#### How to complete this task:
The entries below contain a stretch that opens with the line containing "method. This |" and closes with the line containing "The second way of entering an"; set down that stretch exactly, both ends included, and nothing else.

Material to process section start

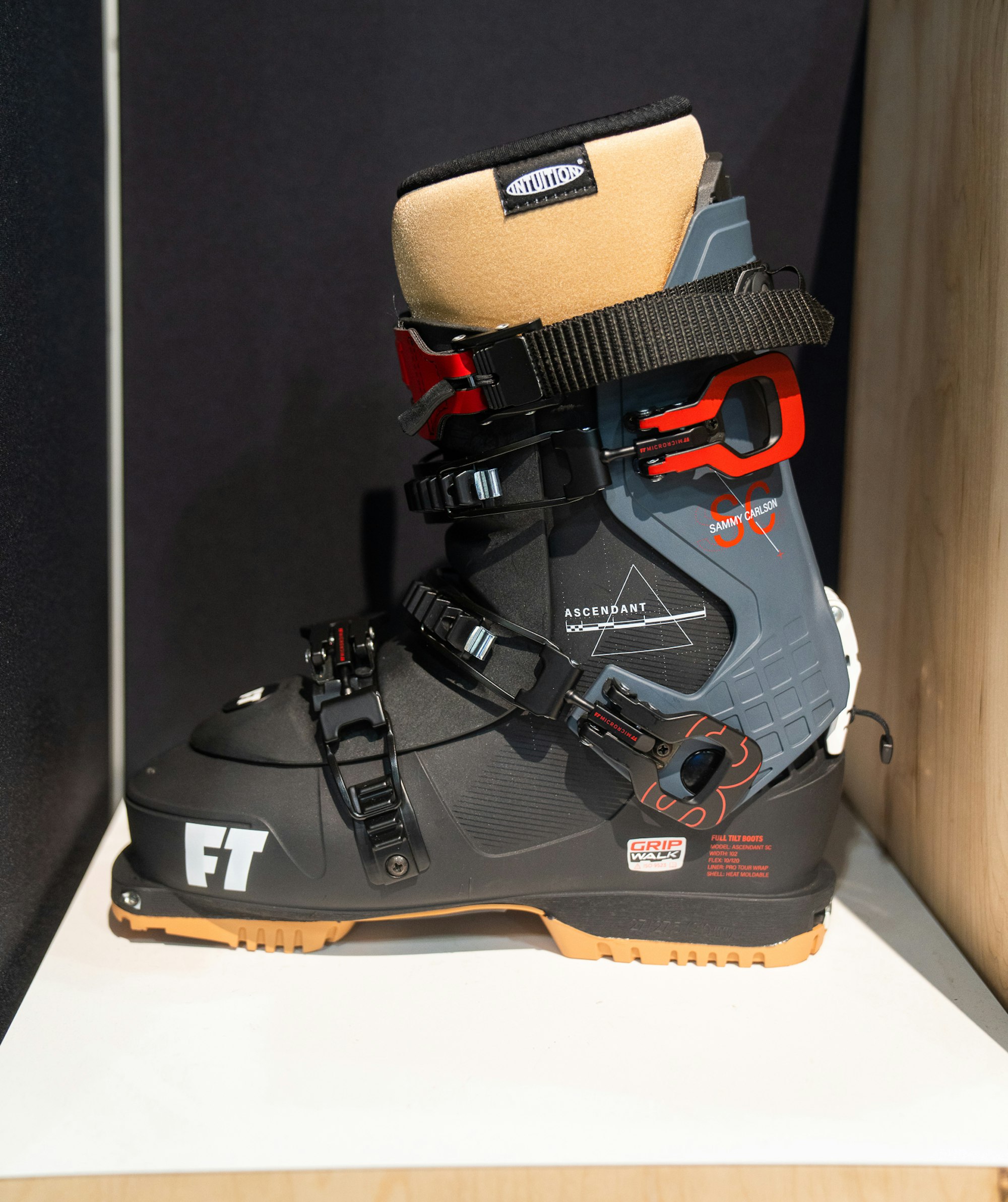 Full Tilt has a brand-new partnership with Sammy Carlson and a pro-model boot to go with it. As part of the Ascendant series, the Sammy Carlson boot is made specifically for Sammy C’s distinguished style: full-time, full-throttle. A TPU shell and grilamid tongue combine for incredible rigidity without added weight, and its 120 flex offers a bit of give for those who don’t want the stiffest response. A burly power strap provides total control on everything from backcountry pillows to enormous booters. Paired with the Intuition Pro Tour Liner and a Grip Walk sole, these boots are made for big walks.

Material to process section end
Material to process section start

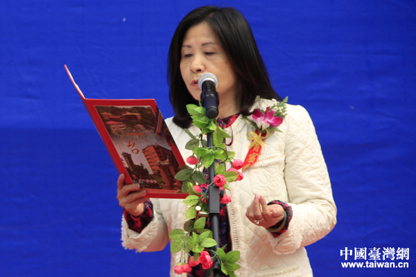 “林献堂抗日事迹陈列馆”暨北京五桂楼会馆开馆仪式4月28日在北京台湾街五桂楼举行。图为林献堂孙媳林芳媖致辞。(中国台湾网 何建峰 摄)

Material to process section end
Material to process section start

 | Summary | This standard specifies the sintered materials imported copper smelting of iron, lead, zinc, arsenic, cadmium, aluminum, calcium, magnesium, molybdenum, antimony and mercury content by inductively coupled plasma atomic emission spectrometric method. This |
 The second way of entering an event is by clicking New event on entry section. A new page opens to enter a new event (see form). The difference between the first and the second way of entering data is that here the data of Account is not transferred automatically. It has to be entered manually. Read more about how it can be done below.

Material to process section end

#### Result of this task:
 | Summary | This standard specifies the sintered materials imported copper smelting of iron, lead, zinc, arsenic, cadmium, aluminum, calcium, magnesium, molybdenum, antimony and mercury content by inductively coupled plasma atomic emission spectrometric method. This |
 The second way of entering an event is by clicking New event on entry section. A new page opens to enter a new event (see form). The difference between the first and the second way of entering data is that here the data of Account is not transferred automatically. It has to be entered manually. Read more about how it can be done below.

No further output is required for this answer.